There are some obvious examples of this such as lawyer and client, parent and child, guardian and ward relationships. The court will look at these relationships through the lens of the transferor’s age, illness, cognitive decline and reliance on the transferee.
The idea of presumption of undue influence meshes with the argument that the transferor lacked capacity to make a gift or transfer. Evidence of diminished mental faculties is useful both as a basis to set aside the gift by indicating that the donor lacked the concept and understanding of making a gift and further to trigger the presumption of undue influence. Once the presumption is triggered, the onus shifts to the recipient to prove on a balance of probabilities that the donor made the gift because of his or her full free informed thought.
As an example of the gift between parent to child to assist them in purchasing a home, one could attack that gift saying either a parent did not know what they were doing or lacked the mental capacity to do so or alternatively were at the mercy of the child such as the child withholding the essentials of life unless such a gift was made.
How does one respond to a claim of a presumption of undue influence.
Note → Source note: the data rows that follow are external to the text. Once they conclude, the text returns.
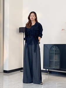0904-173秋装新款高品质高腰阔腿裤西装裤女装大阔腿长款裤长103
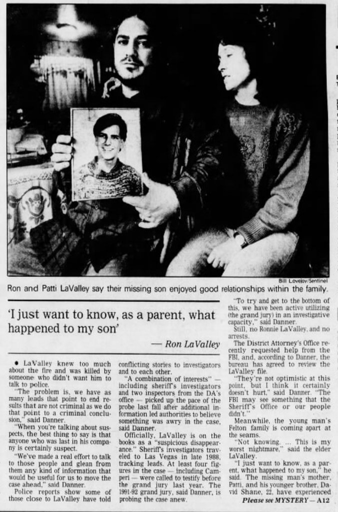 His roommates provided several different stories as to what had happened to him. At one point they said he'd been abducted and murdered by "biker types", a story one of them later characterized as just a "bad dream." Another another time they said he had moved to Las Vegas, Nevada, a story that turned out to be false. His roommates told police that La Valley had been using cocaine and marijuana regularly and that he was involved in small-time burglaries. His father knew La Valley smoked marijuana, but says it was for medicinal purposes.
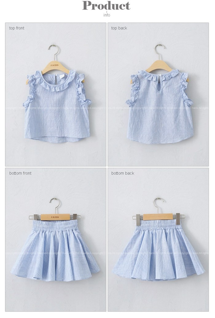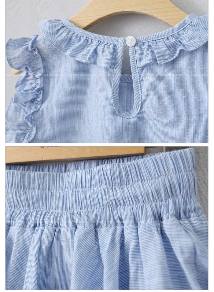 【製品仕様】■商品説明・素肌に優しいコットン素材使い!~・お姫様みたいに可愛い~・上下セットでおしゃれに着こなす~♪・お出かけにぴったり!■サイズ/寸法平置採寸トップス【100】バスト:32cm 総丈:30cm【110】バスト:34cm 総丈:33cm【120】バスト:35cm 総丈:36cm【130】バスト:37cm 総丈:39cm【140】バスト:38cm 総丈:42cm【150】バスト:40cm 総丈:45cm ボトムス【100】ウェスト:21cm 総丈:26cm【110】ウェスト:22cm 総丈:28cm【120】ウェスト:23cm 総丈:31cm【130】ウェスト:24cm 総丈:34cm【140】ウェスト:25cm 総丈:36cm【150】ウェスト:26cm 総丈:39cm■素材/材質トップス:コットン ボトムス:コットン■色ブルー
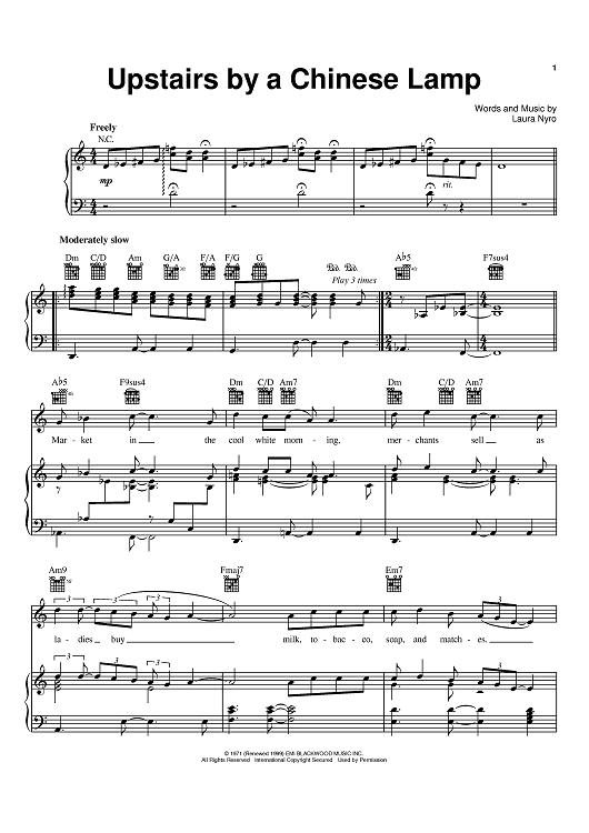 Digital Sheet Music for Upstairs By A Chinese Lamp by Laura Nyro scored for Piano/Vocal/Chords; id:369415
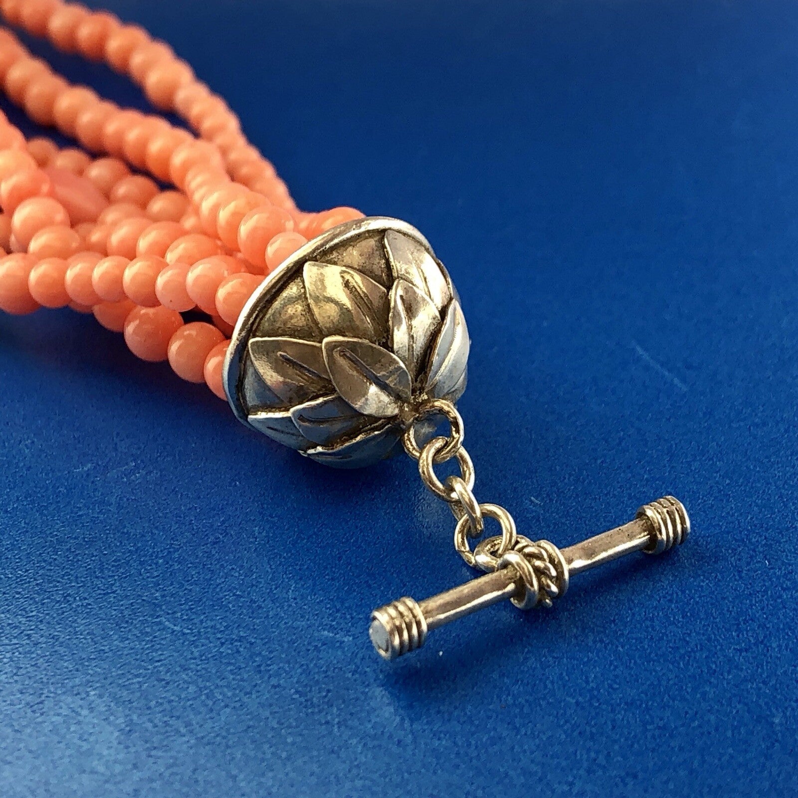 - Fantastic Sterling Silver 925 Coral Silver Bead 7 Strand Statement Necklace

There are many ways to do so, but some of the most obvious are the following.
1. Proving no actual influence was used in the transaction.
2. There was no opportunity to even influence the donor.
3. The donor received independent legal advice or had the opportunity to obtain independent advice.
4. The donor was strong-willed enough to resist any undue influence,
5. The donor knew and understood what he or she was doing; and
6. Undue delay in making such a claim leading to in essence acquiescence or confirmation on the part of the donor. (simply put no one complained long after knowing of the gift).
Our law firm has been involved in cases in which gifts in excess of a million dollars have been given to the caregivers of the deceased that he had only known for the last 18 months of his life. There were immediate red flags that that would trigger a presumption of either undue influence or perhaps an attack indicating that the donor lacked the mental capacity to make such a gift. However in that particular instance after an exhaustive review of the information available, the donor clearly was shown to be a strong-willed individual who had all of his financial acumen right to the very end of his life. That gift was not even attacked in the end.